____ Provided data
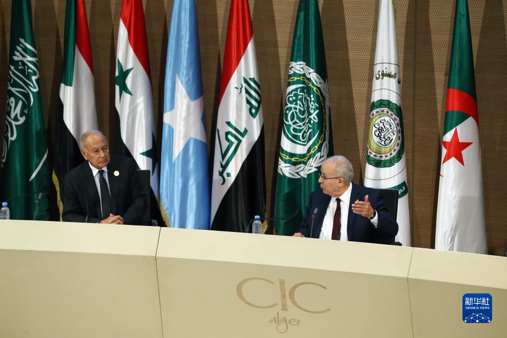 11月2日,在阿尔及利亚阿尔及尔,阿尔及利亚总统特本(右)与阿盟秘书长盖特参加第31届阿拉伯国家联盟首脑理事会会议。新华社发(阿尔及利亚总统府供图)
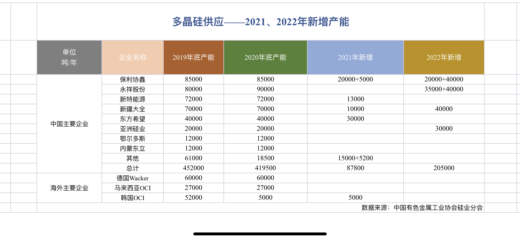 然而,记者注意到,正当硅料企业蛰伏数年,预备收割红利之际,硅料行业新一轮产能将在2022年集中释放,届时,硅料行业或走进新一轮“下降周期”。
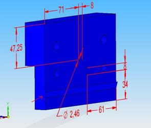 2. Staffa · aumentata l’altezza per permettere il montaggio del minicilindro; · aggiunta di due fori lamati per il fissaggio del secondo cuneo; · aumentate le dimensioni dei fori delle viti M10 per permettere l’alloggiamento delle boccole autolubrificanti.
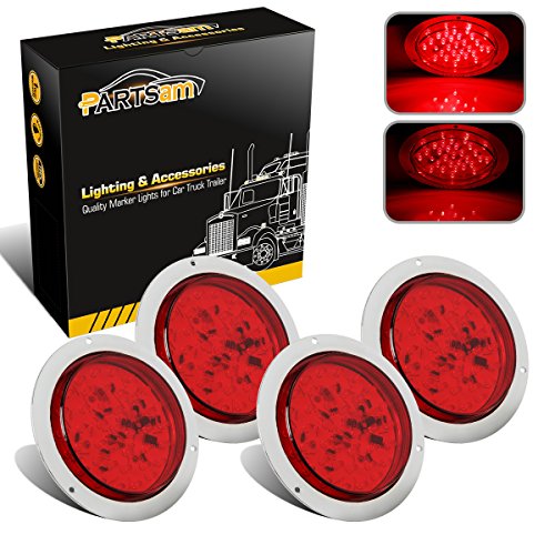 Partsam 4 Inch Round Red Led Trailer Tail Lights 40 Diodes Flange Mount Waterproof 12V Rear Stop Turn Tail Brake Running Marker Lights 3 Wires Sealed for Boat RV Trailer Truck (Pack of 4)
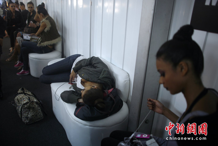 4月13日,墨西哥首都墨西哥城奔驰时装周,美模们在台前展现靓丽风采,后台则让我们看到了完全不同的世界。
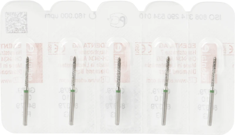 Produktinformationen "Diamanten 879 Packung 5 Stück grün grob, FG, Figur 290 Torpedo zylindrisch, 10 mm, ISO 010"
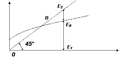 Построим график, отражающий предельную склонность к потреблению. На оси абсцисс откладывается чистый доход (после уплаты налогов). На оси ординат — расходы на потребление. Если бы расходы в точности соответствовали доходам, то это отражала бы любая точка, лежащая на прямой, проведенной под углом 45°. Но в действительности такого совпадения не происходит, и только часть доходов расходуется на потребление.
________
_How to complete this task_. Copy only the lines above from the one containing "2. Staffa ·" through the one containing "879 Packung 5", both included. Leave out the pictures.

_Expected output_.
 2. Staffa · aumentata l’altezza per permettere il montaggio del minicilindro; · aggiunta di due fori lamati per il fissaggio del secondo cuneo; · aumentate le dimensioni dei fori delle viti M10 per permettere l’alloggiamento delle boccole autolubrificanti.
 Partsam 4 Inch Round Red Led Trailer Tail Lights 40 Diodes Flange Mount Waterproof 12V Rear Stop Turn Tail Brake Running Marker Lights 3 Wires Sealed for Boat RV Trailer Truck (Pack of 4)
 4月13日,墨西哥首都墨西哥城奔驰时装周,美模们在台前展现靓丽风采,后台则让我们看到了完全不同的世界。
 Produktinformationen "Diamanten 879 Packung 5 Stück grün grob, FG, Figur 290 Torpedo zylindrisch, 10 mm, ISO 010"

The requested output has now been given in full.